---- Material for this task

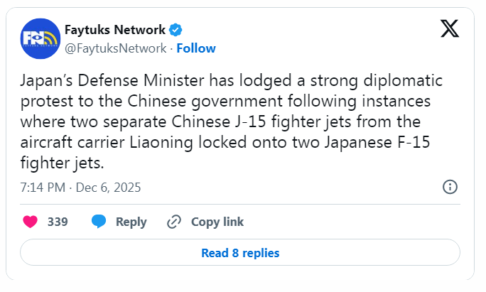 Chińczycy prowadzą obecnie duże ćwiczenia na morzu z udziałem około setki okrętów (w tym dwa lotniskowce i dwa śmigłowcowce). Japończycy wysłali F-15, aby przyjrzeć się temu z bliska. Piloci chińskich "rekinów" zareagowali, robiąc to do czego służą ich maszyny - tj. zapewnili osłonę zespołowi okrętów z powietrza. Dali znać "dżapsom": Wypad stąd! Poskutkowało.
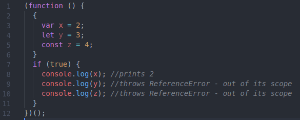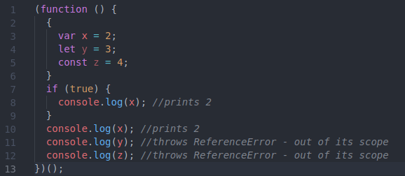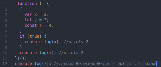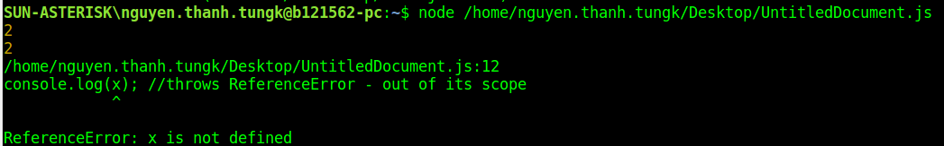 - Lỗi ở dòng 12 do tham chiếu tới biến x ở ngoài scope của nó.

--------
---- Material for this task

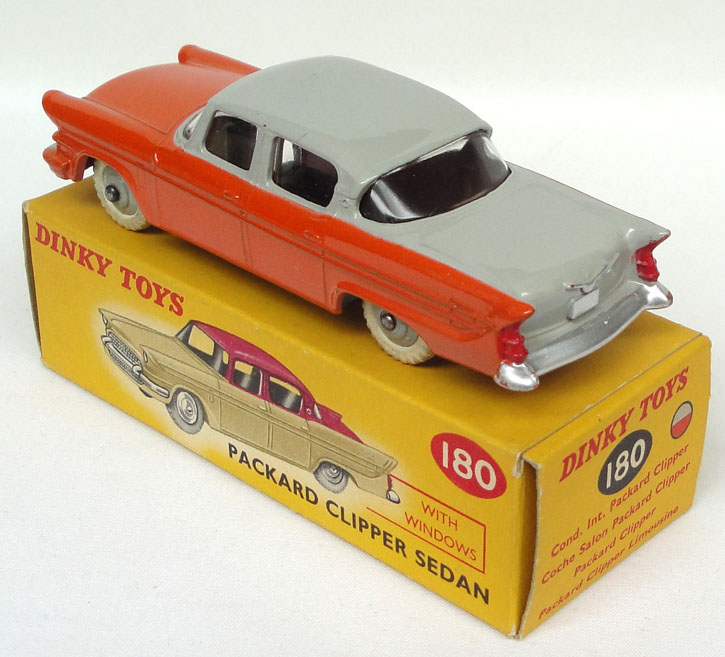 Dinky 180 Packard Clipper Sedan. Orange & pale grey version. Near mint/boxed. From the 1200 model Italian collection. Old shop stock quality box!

--------
---- Material for this task

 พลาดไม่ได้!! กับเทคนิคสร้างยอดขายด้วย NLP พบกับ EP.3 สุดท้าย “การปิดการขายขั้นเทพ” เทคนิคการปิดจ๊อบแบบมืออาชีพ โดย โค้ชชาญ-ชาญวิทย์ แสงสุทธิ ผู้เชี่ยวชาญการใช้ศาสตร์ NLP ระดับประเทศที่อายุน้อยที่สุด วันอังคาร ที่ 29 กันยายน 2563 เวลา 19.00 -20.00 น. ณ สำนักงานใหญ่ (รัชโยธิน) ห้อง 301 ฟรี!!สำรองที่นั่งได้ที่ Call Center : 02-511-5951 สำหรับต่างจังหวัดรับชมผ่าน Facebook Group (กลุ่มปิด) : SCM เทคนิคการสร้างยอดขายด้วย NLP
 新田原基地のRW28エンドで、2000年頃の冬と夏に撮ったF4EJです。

--------

» Task objective
From the listing above, output exactly the run of lines that starts with the line containing "พลาดไม่ได้!! กับเทคนิคสร้างยอดขายด้วย NLP" and ends with the line containing "新田原基地のRW28エンドで、2000年頃の冬と夏に撮ったF4EJです。".

» Task output
 พลาดไม่ได้!! กับเทคนิคสร้างยอดขายด้วย NLP พบกับ EP.3 สุดท้าย “การปิดการขายขั้นเทพ” เทคนิคการปิดจ๊อบแบบมืออาชีพ โดย โค้ชชาญ-ชาญวิทย์ แสงสุทธิ ผู้เชี่ยวชาญการใช้ศาสตร์ NLP ระดับประเทศที่อายุน้อยที่สุด วันอังคาร ที่ 29 กันยายน 2563 เวลา 19.00 -20.00 น. ณ สำนักงานใหญ่ (รัชโยธิน) ห้อง 301 ฟรี!!สำรองที่นั่งได้ที่ Call Center : 02-511-5951 สำหรับต่างจังหวัดรับชมผ่าน Facebook Group (กลุ่มปิด) : SCM เทคนิคการสร้างยอดขายด้วย NLP
 新田原基地のRW28エンドで、2000年頃の冬と夏に撮ったF4EJです。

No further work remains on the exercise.